April 24 2010: Red Bulls' captain Juan Pablo Angel (9) and Union's Roger Torres (20) go after a loose ball in the second half during MLS action between the New York Red Bulls and the Philadelphia Union at the Red Bull Arena in Harrison, New Jersey. The New York Red Bulls defeated the Philadelphia Union 2-1.A Philadelphia Union with nothing to lose and a home crowd behind them (the “Sons of Ben” just might be the best “12th Man” in the league) came out with a generous display of positive fútbol. While it’s true New York may be taking their foot off the gas slightly to not risk any injuries ahead of the playoffs, they had the opportunity to clinch first place in the East and certainly would have liked the 3 points which the Union denied them.

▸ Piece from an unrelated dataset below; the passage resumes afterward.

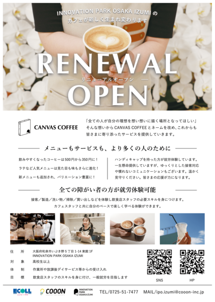 大阪府和泉市のINNOVATION PARK OSAKA IZUMIに併設されているカフェ"CANVAS COFFEE"でアルバイト/パート募集!

Other playoff-bound teams should watch this game as a study in how to neutralize New York and render them ineffective. Last night’s New York 4-3-1-1 (edit: whoops: 4-4-1-1) formation was short Henry, who was out with an injury, but overall it should resemble their operating mode in the post-season. LA, Salt Lake, Dallas, Seattle, etc…are you reading? These will be your key game points to defeating the Red Bulls and taking a chomp out of the Big Apple (although you may want to spit it out–no telling where it’s been):

  • Neutralize wingers Lindpere and Richards: These two wild cards can ravage your defense if you don’t keep them busy with what should be a midfielder/winger’s first responsibility–defending their wing. Richards will burn you on pure speed and tenacity. Lindpere is a truly unpredictable Tasmanian Devil who doesn’t hesitate to tear across the pitch (he once appeared last night AHEAD of Richards in the upper right corner). If you use your own wingers by pushing the ball up behind these two, one of two things will happen: you’ll force them to hold back and chase/defend, or you’ll be able to use all that space they’ve left you on their runs up field. The Union thwarted Lindpere so well, in fact, that in the second half he was moved to central midfield.
  • Blitz Marquez: New York has employed ex-Barcelona man Marquez as a defensive midfielder who sits back like a quarterback reading the field and sending dangerously accurate long balls up to his strikers and wingers. Much like blitzing a quarterback forces him to make the quick decision, opponents should apply high pressure on Marquez and not give him time to scan the field for darting “receivers.” Remember, he’s still in his adjustment period in MLS and he’s used to a situation at Barcelona where most teams don’t even bother pressing their back line when they have possession.
  • Dictate a fast, high tempo game pace: Despite the speedy Richards discussed above, the brain center of New York’s eleven are the wily veterans of Angel, Marquez and Henry–none of them exactly spring chickens. They prefer to use patience, cleverness and experience to break down opponents. When the pace is quick and direct (as the Union dictated it last night), New York never has a chance to settle into the role of dictators. In particular, here’s how you might handle each of this trio:
    • Angel–If he’s playing as the point man up top, make him chase your defenders for a few minutes before you start your build up. Heck, even zing it back to your keeper now and then so he has to chase. I know this seems to contradict the “fast pace” advice, but it would good for a breather.
    • Marquez–See above. Blitz.
    • Henry–Man-mark him. Tug his jersey. Make him claustrophobic and unable to turn. Get him yelling at the ref and his teammates. This wasn’t tested last night, but I did see FC Dallas neutralize him in this way several weeks ago.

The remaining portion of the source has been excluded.